### Your instructions:
Lift out, unaltered, the lines of the material below between the line holding "Les étriers de" and the line holding "伸縮性なし / 裏地あり", counting both.

### Available data:
------------------------

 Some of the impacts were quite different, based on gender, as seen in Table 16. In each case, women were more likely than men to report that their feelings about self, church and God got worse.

------------------------

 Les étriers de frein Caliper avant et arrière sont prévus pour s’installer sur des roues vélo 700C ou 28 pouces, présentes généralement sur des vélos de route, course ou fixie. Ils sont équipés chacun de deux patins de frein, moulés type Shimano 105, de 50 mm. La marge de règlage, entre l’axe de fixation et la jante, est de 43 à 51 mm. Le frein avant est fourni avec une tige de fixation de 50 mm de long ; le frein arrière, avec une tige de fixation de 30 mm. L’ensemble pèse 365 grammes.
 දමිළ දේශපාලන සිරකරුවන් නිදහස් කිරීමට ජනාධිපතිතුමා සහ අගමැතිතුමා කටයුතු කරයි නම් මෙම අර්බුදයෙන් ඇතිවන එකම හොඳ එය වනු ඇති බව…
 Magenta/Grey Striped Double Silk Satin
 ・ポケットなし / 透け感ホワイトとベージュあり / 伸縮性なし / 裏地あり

------------------------

### Written answer:
 Les étriers de frein Caliper avant et arrière sont prévus pour s’installer sur des roues vélo 700C ou 28 pouces, présentes généralement sur des vélos de route, course ou fixie. Ils sont équipés chacun de deux patins de frein, moulés type Shimano 105, de 50 mm. La marge de règlage, entre l’axe de fixation et la jante, est de 43 à 51 mm. Le frein avant est fourni avec une tige de fixation de 50 mm de long ; le frein arrière, avec une tige de fixation de 30 mm. L’ensemble pèse 365 grammes.
 දමිළ දේශපාලන සිරකරුවන් නිදහස් කිරීමට ජනාධිපතිතුමා සහ අගමැතිතුමා කටයුතු කරයි නම් මෙම අර්බුදයෙන් ඇතිවන එකම හොඳ එය වනු ඇති බව…
 Magenta/Grey Striped Double Silk Satin
 ・ポケットなし / 透け感ホワイトとベージュあり / 伸縮性なし / 裏地あり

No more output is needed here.